1 Aims

  1. Transfer of data from hard drive to server.
  2. MD5 checksum to ensure proper transfer.
  3. Check file names to ensure that all samples sent to sequencing have been returned.

2 File paths for workflow

source(here::here("R", "file_paths.R"))

3 Transferring data

  • Used rsync to transfer data, which allows transfers to be paused and resumed (necessary due to time required for transfers, in addition to the necessity of computer being turned on + hard drive being plugged in).
  • Transfered was performed in chunks, .
    1. Transfer of all nuclear samples (~200Gb)
    2. Transfer of all tissue samples (~540Gb)
  • Commands entered using Mobaxterm local terminal.
  • Details for use of rsync can be found: https://ss64.com/bash/rsync.html
# Nuclear samples
rsync -avz --progress -e ssh /drives/d/PR0199/ username@mr_server:/home/rreynolds/data/PD_bulkRNAseq/nuclear_totalRNA_samples/ | tee /home/rhrey/Desktop/20190606_bulkNuc_data_transfer.txt

# Tissue samples 
rsync -avz --progress -e ssh /drives/d/PR0198/ username@mr_server:/home/rreynolds/data/PD_bulkRNAseq/tissue_polyA_samples/ | tee /home/rhrey/Desktop/20190606_tissue_data_transfer.txt

4 Transferring data 2.0

  • Original files from hard drive were not trimmed correctly, so de-multiplexing run again without trimming enabled at ICR.
  • Files were re-downloaded from ftp.icr.ac.uk, using ftp.

5 Files locations

  • Originally transferred to personal folder, but later moved to common data folder: /data/RNAseq_PD/. Files can be found within their respective project files tissue_polyA_samples/raw_daw and nuclear_totalRNA_samples/raw_daw
  • Note that R2 files relate to UMIs, therefore were moved to their UMIfolder within the raw_data folders.

6 MD5 checksum

source(here::here("R", "md5_checksum.R"))

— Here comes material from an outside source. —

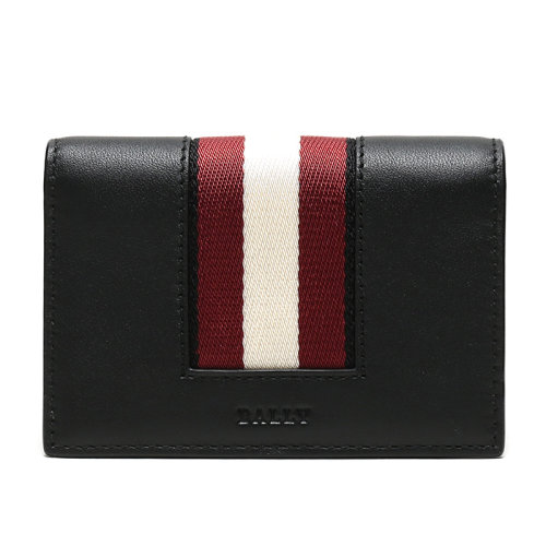 BALLY/巴利 Byda系列男士黑色牛皮经典字母徽标压花红白条纹装饰短款双折钱夹钱包卡包零钱包男包 6235669【预售3-4周发货】

file_paths <- list.files(path = "/data/RNAseq_PD", full.names = TRUE, pattern = ".fastq.gz", recursive = T)

original_md5 <- read_delim(file = "/data/RNAseq_PD/nuclear_totalRNA_samples/raw_data/md5sums_davros.txt", delim = " ", col_names = FALSE) %>% 
  dplyr::mutate(original_md5 = X1, file_name = X2) %>% 
  dplyr::select(-X1, -X2) %>% 
  bind_rows(read_delim(file = "/data/RNAseq_PD/tissue_polyA_samples/raw_data/md5sums_davros.txt", delim = " ", col_names = FALSE) %>% 
              dplyr::mutate(original_md5 = X1, file_name = X2) %>% 
              dplyr::select(-X1, -X2)) %>% 
  dplyr::mutate(file_name = str_replace(file_name, ".*/", ""),
                file_name = str_replace(file_name, "/.*/", ""),
                file_name = str_replace(file_name, " ", ""))
  
md5 <- md5_checksum(file_paths, original_md5, column_to_join_by = "file_name")

write_csv(md5, path = "/home/rreynolds/projects/Aim2_PDsequencing_wd/results/md5_check.csv")
  • All files were transferred without evidence of corruption, as is visible from table below.

7 File name check

# Sequencing files
file_paths <- list.files(
  path = file.path(path_to_bulk_seq_data, "QC/fastp"), 
  full.names = TRUE, 
  pattern = ".fastq.gz", 
  recursive = T
  )

# Filter out "Undetermined" files and extract unique file names
samples_received <- 
  file_paths %>% 
  .[!str_detect(.,"Undetermined")] %>% 
  str_remove("/.*/") %>% 
  str_remove("-T.*") %>% 
  str_replace("^[:alnum:]*", "") %>% 
  str_remove("^_") %>% 
  unique()

# Does this match sample names sent to sequencing?
samples_sent <-
  read_delim(
    file = file.path(
      path_to_raw_data, "sample_details/SamplesSentToSequencing.txt"), 
    delim = "\t", 
    col_names = FALSE
    ) %>% 
  .[["X1"]]

samples_sent[!str_detect(samples_sent, "BulkNuc")] %in% samples_received
##  [1] TRUE TRUE TRUE TRUE TRUE TRUE TRUE TRUE TRUE TRUE TRUE TRUE TRUE TRUE TRUE
## [16] TRUE TRUE TRUE TRUE TRUE TRUE TRUE TRUE TRUE

8 Conclusions

  • Data transferred with no corrupt files.
  • All samples sent for sequencing received from sequencing centre.